Load above survey data into R data frames using spreadsheet functions

# which google sheets do you have access to? may ask you to authenticate in a browser!
#gs_ls("https://docs.google.com/spreadsheets/d/1rTr2r5NlSy8QBEhqwpP0HL2aZfWZflrN8kw7KC3Vi5M/edit#gid=1248983012")
#gs_ls("https://docs.google.com/spreadsheets/d/1rTr2r5NlSy8QBEhqwpP0HL2aZfWZflrN8kw7KC3Vi5M/edit?usp=sharing")
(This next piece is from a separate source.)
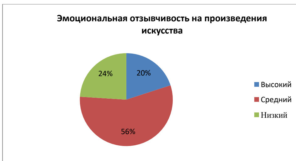
Рисунок 1 – Эмоциональная отзывчивость на произведения искусства

– Второй критерий – осведомленность в области искусства и мотивация в получении эстетических знаний. Включает в себя запас определенных знаний и впечатлений, без которых не может возникнуть интересы и склонности к эстетическим предметам и явлениям. Для диагностики этого критерия мы использовали метод тестирования по вопросам знаний в области искусства (Приложение 2). Цель тестирования – определить степень информированности в области искусства, готовность к оценке эстетических явлений в окружающей среде, мотивацию к развитию в области эстетических знаний. Данный показатель мы также рассмотрели по уровням (Таблица 5).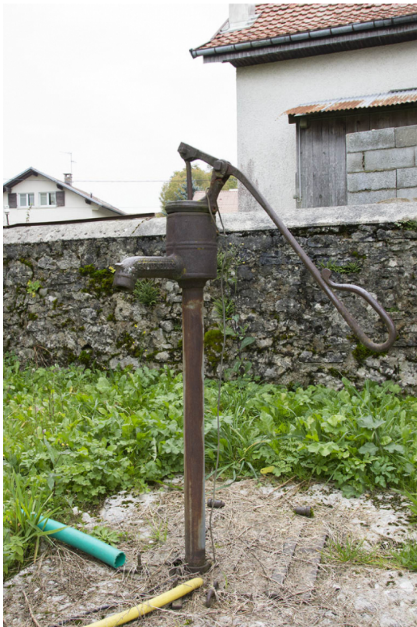
Pompe à eau Renaud, des Fontenelles.

#SpreadSheet <- gs_title("Data Science")

#Get Sheet names
#gs_ws_ls(SpreadSheet)

# convert to data.frame
#df_Job_Listings <- as.data.frame(gs_read(ss=SpreadSheet, ws = "Job Listings"))
#df_Language_Skills <- as.data.frame(gs_read(ss=SpreadSheet, ws = "Language Skills"))
#df_Software_Skills <- as.data.frame(gs_read(ss=SpreadSheet, ws = "Software Skills"))

myWorkingDir <- getwd()
mySourceFile <- paste0(myWorkingDir,"/Data Science.xlsx")
excel_sheets(path = mySourceFile)

## [1] "Job Listings"            "Language Skills"        
## [3] "Software Skills"         "General Skills"         
## [5] "Background Profile"      "multipleChoiceResponses"

#df_Jobs <- read_excel(path = mySourceFile, sheet = 1, range = "A1:B6")
#df_Languages <- read_excel(path = mySourceFile, sheet = "Language Skills", range = "A1:E38")
#df_Softwares <- read_excel(path = mySourceFile, sheet = "Software Skills", range = "A1:E16")
df_Job_Listings <- read_excel(path = mySourceFile, sheet = 1)
df_Language_Skills <- read_excel(path = mySourceFile, sheet = "Language Skills")
df_Software_Skills <- read_excel(path = mySourceFile, sheet = "Software Skills")
df_MCR <- read_excel(path = mySourceFile, sheet = "multipleChoiceResponses")

3.2 Show Unitdy data

3.2.1 Untidy Data- Job Listings

DT::datatable(df_Job_Listings, options = list(pagelength=5))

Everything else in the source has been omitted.